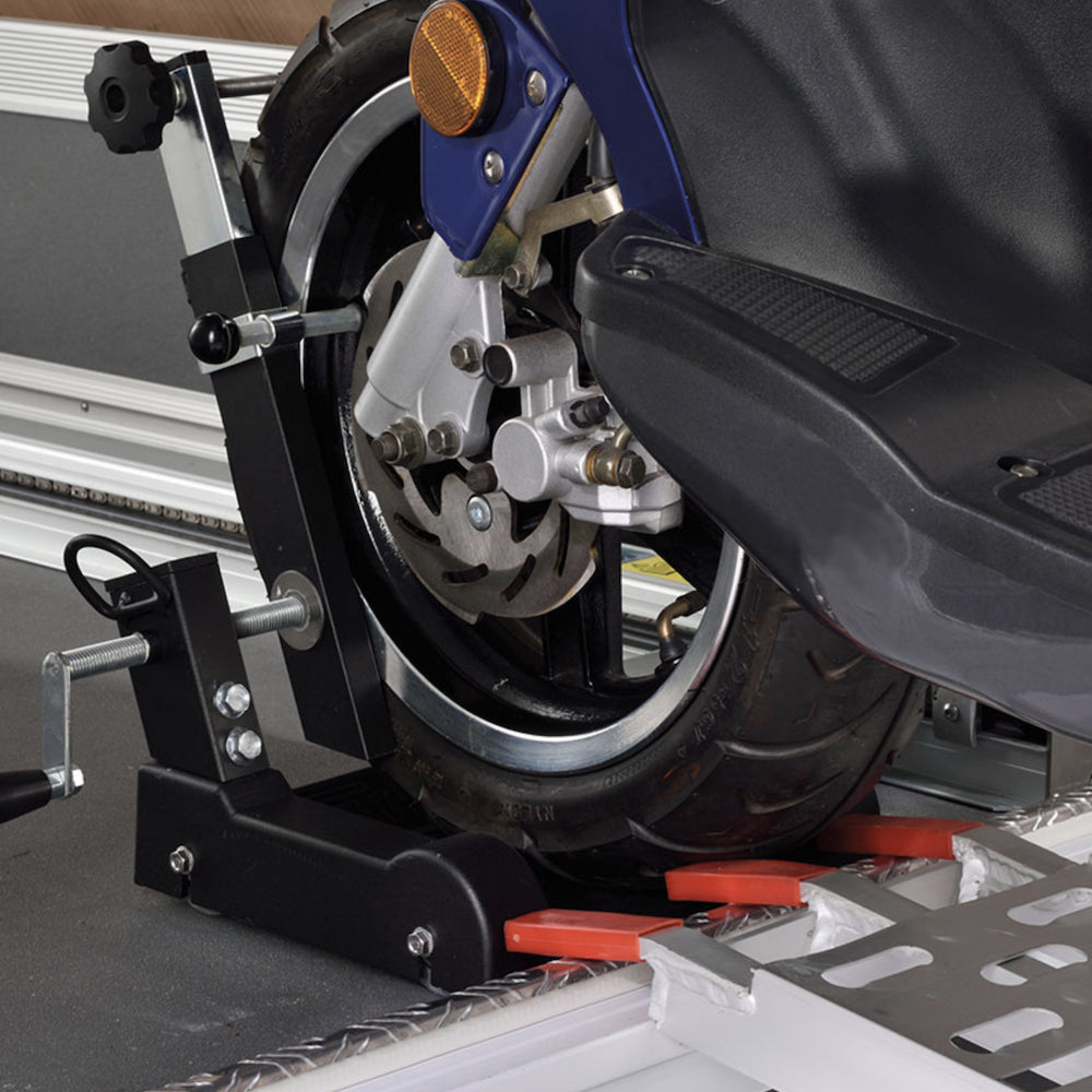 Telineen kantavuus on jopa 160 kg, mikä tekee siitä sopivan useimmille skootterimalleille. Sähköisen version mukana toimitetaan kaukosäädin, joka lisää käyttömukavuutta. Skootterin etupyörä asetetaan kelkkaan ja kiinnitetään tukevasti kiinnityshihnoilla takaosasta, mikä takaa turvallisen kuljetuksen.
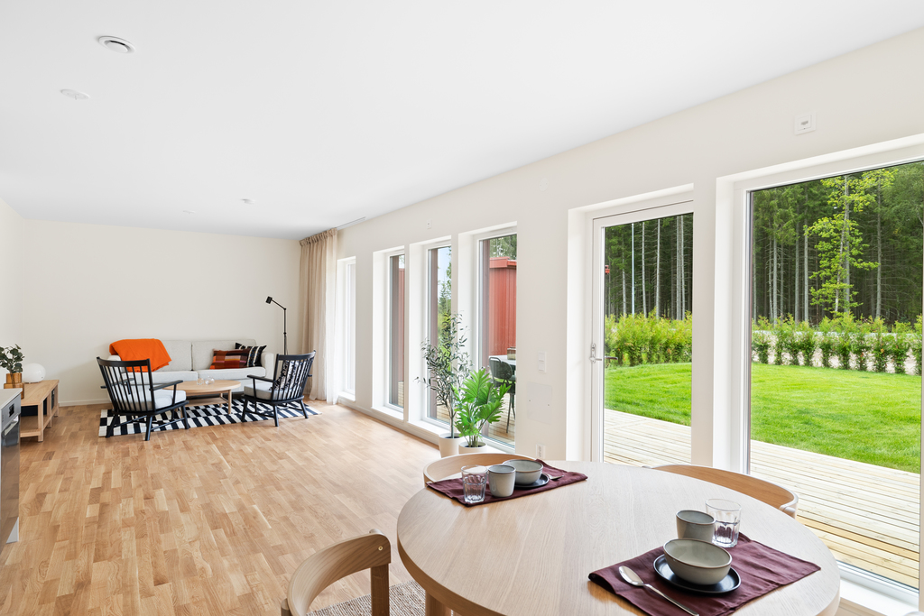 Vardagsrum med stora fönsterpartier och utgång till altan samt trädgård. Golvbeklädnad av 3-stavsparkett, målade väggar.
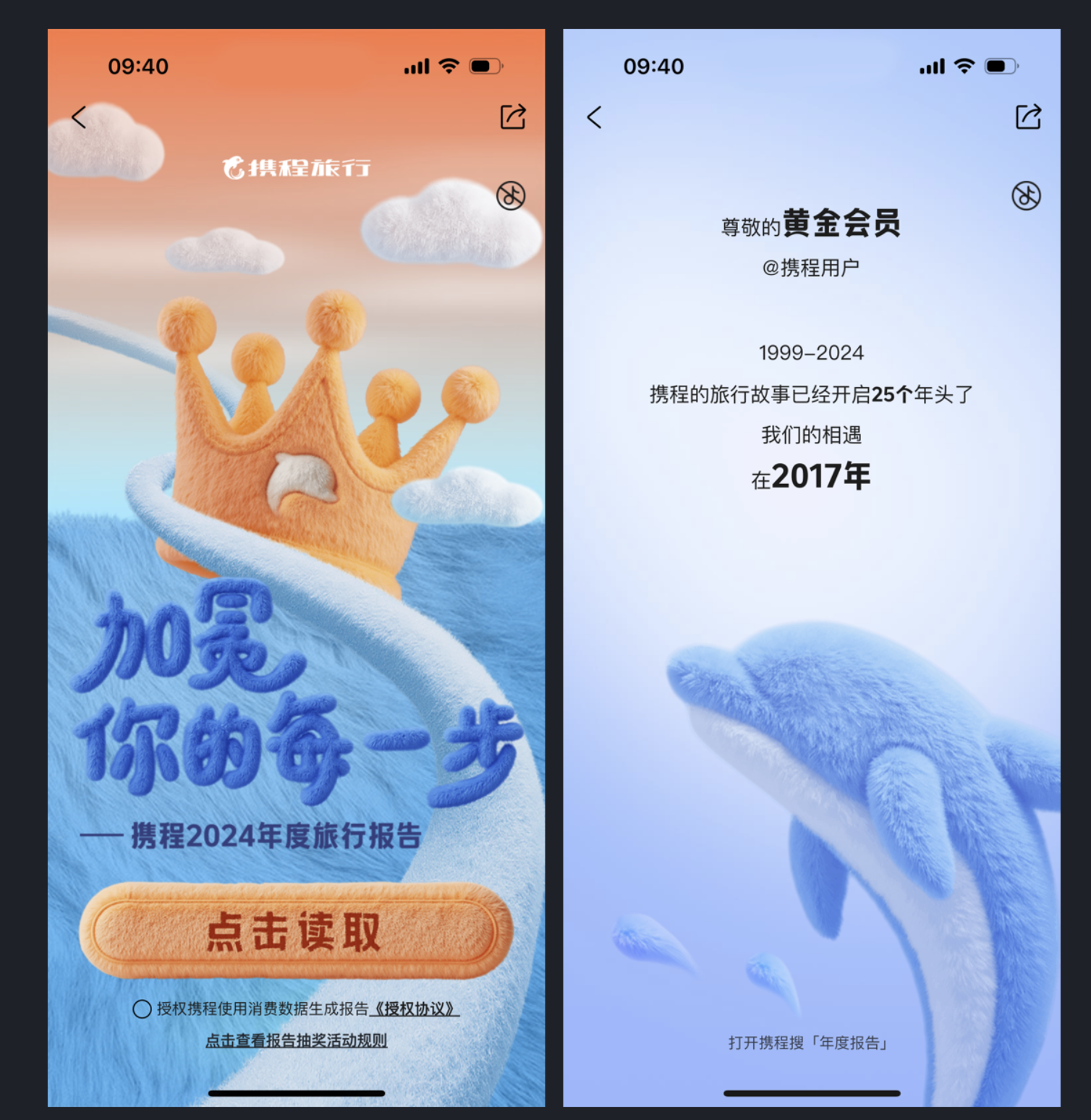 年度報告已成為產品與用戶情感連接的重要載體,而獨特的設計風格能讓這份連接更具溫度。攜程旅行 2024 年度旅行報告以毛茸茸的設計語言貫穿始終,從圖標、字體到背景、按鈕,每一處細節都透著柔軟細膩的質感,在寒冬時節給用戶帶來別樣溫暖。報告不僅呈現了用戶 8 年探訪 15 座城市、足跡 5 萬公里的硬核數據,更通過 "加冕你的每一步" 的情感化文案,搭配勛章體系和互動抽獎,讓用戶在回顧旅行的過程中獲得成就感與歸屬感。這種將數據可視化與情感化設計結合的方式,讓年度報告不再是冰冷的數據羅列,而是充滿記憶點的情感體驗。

=-=-=-=-=

TASK STATEMENT: The whole listing above is to be repeated exactly, apart from its pictures.

YOUR RESPONSE:
 Telineen kantavuus on jopa 160 kg, mikä tekee siitä sopivan useimmille skootterimalleille. Sähköisen version mukana toimitetaan kaukosäädin, joka lisää käyttömukavuutta. Skootterin etupyörä asetetaan kelkkaan ja kiinnitetään tukevasti kiinnityshihnoilla takaosasta, mikä takaa turvallisen kuljetuksen.
 Vardagsrum med stora fönsterpartier och utgång till altan samt trädgård. Golvbeklädnad av 3-stavsparkett, målade väggar.
 年度報告已成為產品與用戶情感連接的重要載體,而獨特的設計風格能讓這份連接更具溫度。攜程旅行 2024 年度旅行報告以毛茸茸的設計語言貫穿始終,從圖標、字體到背景、按鈕,每一處細節都透著柔軟細膩的質感,在寒冬時節給用戶帶來別樣溫暖。報告不僅呈現了用戶 8 年探訪 15 座城市、足跡 5 萬公里的硬核數據,更通過 "加冕你的每一步" 的情感化文案,搭配勛章體系和互動抽獎,讓用戶在回顧旅行的過程中獲得成就感與歸屬感。這種將數據可視化與情感化設計結合的方式,讓年度報告不再是冰冷的數據羅列,而是充滿記憶點的情感體驗。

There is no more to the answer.